Open mikkeschiren opened 8 months ago
Nginx conf:
worker_processes 5;
load_module modules/ngx_http_geoip2_module.so;
# load_module modules/ngx_http_naxsi_module.so;
events {
worker_connections 768;
}
pid /tmp/nginx.pid;
http {
upstream backend {
server matomo:9000;
}
include /etc/nginx/mime.types;
geoip2 /usr/share/geoip/GeoLite2-Country.mmdb {
$geoip2_data_country_code default=SE source=$http_x_forwarded_for country iso_code;
}
client_max_body_size 200M;
server_tokens off;
client_body_timeout 600s;
client_header_timeout 600s;
client_body_temp_path /tmp/client_temp;
proxy_temp_path /tmp/proxy_temp_path;
fastcgi_temp_path /tmp/fastcgi_temp;
uwsgi_temp_path /tmp/uwsgi_temp;
scgi_temp_path /tmp/scgi_temp;
include /etc/nginx/mime.types;
default_type application/octet-stream;
log_format main '$remote_addr - $remote_user [$time_local] "$request" '
'$status $body_bytes_sent "$http_referer" '
'"$http_user_agent" "$http_x_forwarded_for"';
log_format main_geo '$remote_addr - $remote_user [$time_local] "$request" '
'$status $body_bytes_sent "$http_referer" '
'"$http_user_agent" "$http_x_forwarded_for" '
'$geoip2_data_country_code';
access_log /var/log/nginx/access.log main_geo;
sendfile on;
keepalive_timeout 0;
server {
listen 80;
server_name matomo.loc;
root /var/www/html;
index index.php;
error_page 404 /404.html;
location = 404.html {
root /usr/share/nginx/html;
}
error_page 500 502 503 504 /50x.html;
location = /50x.html {
root /usr/share/nginx/html;
}
proxy_read_timeout 600s;
proxy_send_timeout 600s;
proxy_connect_timeout 600s;
## Redirects all requests to index.php and Matomo.
location / {
try_files $uri $uri/ /index.php$is_args$args;
}
location ~ js/container_.*_preview\.js$ {
expires off;
add_header Cache-Control 'private, no-cache, no-store';
}
location ~* /(js)/.*.(js|php)$ {
expires 30s;
add_header Cache-Control "public, no-transform";
allow all;
}
location = /favicon.ico {
log_not_found off;
access_log off;
}
## Allow access to index.php to make dashboard work.

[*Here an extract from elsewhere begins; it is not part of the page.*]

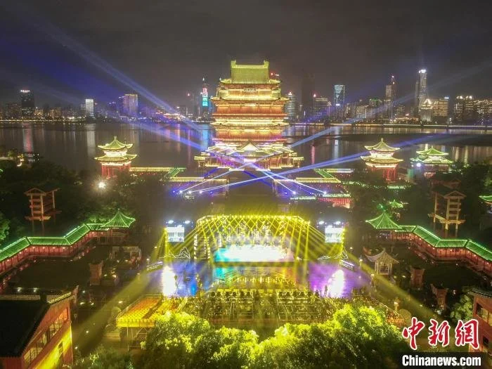 图为航拍吟唱会的《滕阁诗韵》篇章表演现场。 刘力鑫 摄

location ~ ^/(index).php {
# include /etc/nginx/naxsi.rules;
# # whitelisting and config of naxsi rules.
# # whitelist whole rule 11. Need to b debugged why needed.
# BasicRule wl:11;
try_files $uri =404;
fastcgi_split_path_info ^(.+?\.php)(/.*)$;
if (!-f $document_root$fastcgi_script_name) {
return 404;
}
proxy_read_timeout 600s;
proxy_send_timeout 600s;
proxy_connect_timeout 600s;
fastcgi_read_timeout 600s;
fastcgi_send_timeout 600s;
proxy_set_header Connection "";
proxy_http_version 1.1;
proxy_set_header Host $http_host;
proxy_set_header X-Real-IP $remote_addr;
proxy_set_header X-Forwarded-For $proxy_add_x_forwarded_for;
proxy_set_header X-Forwarded-Proto $scheme;
proxy_set_header X-Forwarded-Host $host;
proxy_set_header X-Forwarded-Port $server_port;
fastcgi_param HTTP_PROXY "";
fastcgi_pass backend;
fastcgi_index index.php;
fastcgi_param PHP_VALUE "max_execution_time=3600
post_max_size=1500M
upload_max_filesize=32M
max_input_time=3600
max_file_uploads=300";
include fastcgi_params;
}
## Allow access to heatmapsessionsrecording plugin is needed to make it work.
location = /plugins/HeatmapSessionRecording/configs.php {
# include /etc/nginx/naxsi.rules;
# # whitelisting and config of naxsi rules.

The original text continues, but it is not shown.